Some years ago, I received a Watson Fellowship to travel to China to study the history of Chinese calligraphy as inscribed on stone. For one year, I traveled across China encountering ancient stone inscriptions. I found them on stele, erected in ancient temples and gardens, half-buried in muddy streams, or on raw stones forgotten in deep ravines and on cliffs at the tops of mountains. I love the way these rocks encounter language and, conversely, how language encounters stone. Rock and language shape each other, and this relationship shapes us. Part of this study resulted in me contemplating what might have led these ancient calligraphers to inscribe a word upon a rock, or to in some way bring a stone into the context of writing. Convergences is a meditation on the interaction of language and stones.
Convergences was produced in collaboration with Jennifer Boyden for the City of Walla Walla, Washington. It is a sculpture that considers the collision of things often thought of as being separate and how we occupy the space between, them such as: earth and sky, child and adult, stone and human, rationality and imagination, light and matter. This sculpture recognizes the significance of the unity of these elements and reveals ways that the space between them can be understood as the realm that belongs to the imagination. By integrating both the ephemeral (reflections, time, moments of inspired imagination) and the concrete (the stone, bronze, and the location itself), this piece speaks to the remarkable interdependences and resulting coherence of these elements.

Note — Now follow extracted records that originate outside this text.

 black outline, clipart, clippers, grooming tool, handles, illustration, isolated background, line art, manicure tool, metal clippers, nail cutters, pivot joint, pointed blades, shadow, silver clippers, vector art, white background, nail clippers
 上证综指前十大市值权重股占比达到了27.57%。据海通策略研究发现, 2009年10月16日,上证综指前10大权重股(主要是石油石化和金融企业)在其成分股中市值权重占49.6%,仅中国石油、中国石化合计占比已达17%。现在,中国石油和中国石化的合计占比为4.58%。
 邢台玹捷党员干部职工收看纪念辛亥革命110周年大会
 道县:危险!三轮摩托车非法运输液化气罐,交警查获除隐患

Convergences is composed of three elements: a basalt column (approximately 15 feet tall x 36 inches in diameter), two text bands that encircle the column, and a mirror-polished section between the two text bands. The polished section of basalt can be understood as a horizon line—separating earth from sky, child from adult, the sounds of upper from those of lower, bird from crawling things, and so on. Within this horizon line is reflected the image of the viewer, making the viewer responsible in all cases for bringing the two sides together, either through offering the self as image or the self as imagination. At the same time, the mirror-like finish between the bands text provides an opportunity for the viewer to question him or herself. While reflective, this band will still retain some of the irregularities of the original surface, and thus the reflection of the viewer will be distorted. The distortion allows the viewer to see the self in a new way, as if according to the perspective of the column or natural world itself.

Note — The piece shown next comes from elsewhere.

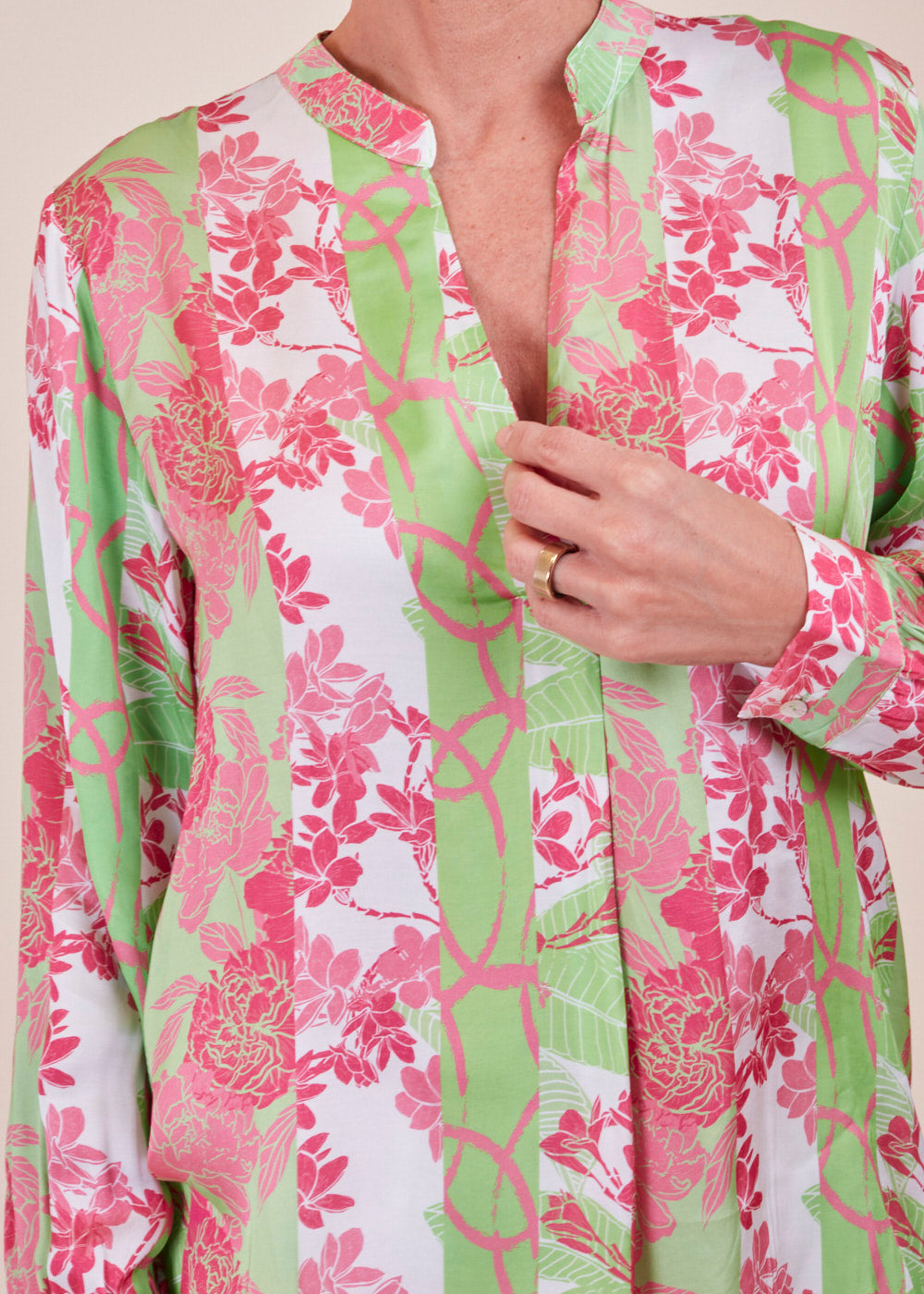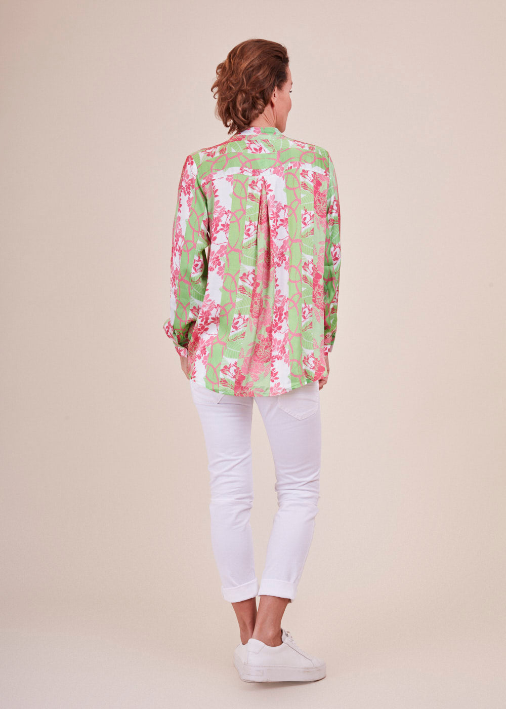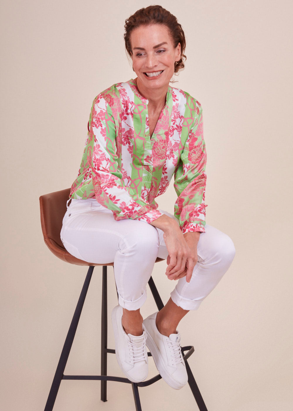 Zieht alle Blicke auf sich - diese Bluse mit Graphischen Druck in einer sensationellen Farbkombination. V-Ausschnitt mit angedeuteten Stehkragen. Lange Ärmel mit 1-Knopfmanschette. Figurumspielende Schlupfbluse mit einem verlängerten Rückenteil. Aus einem weich fließenden Seidenmix.

This text on the two bronze bands features the beginnings or endings of dreamlike statements that offer an investigation into natural elements of this region. The unfinished nature of these statements invites the viewer to complete the statement, thus making the viewer's generative response of imagination and insight a part of the piece itself. The text of the upper and lower bands loosely corresponds with each other. The act of connecting the two involves bridging the gap between them. As the gap is a mirrored finish, the viewer again sees the self as a part of what must be encountered in order to make the statements complete. Thus, the self (as both image/physical being and as generative/creative being) becomes a way to complete the piece itself and, more specifically, the statements it contains.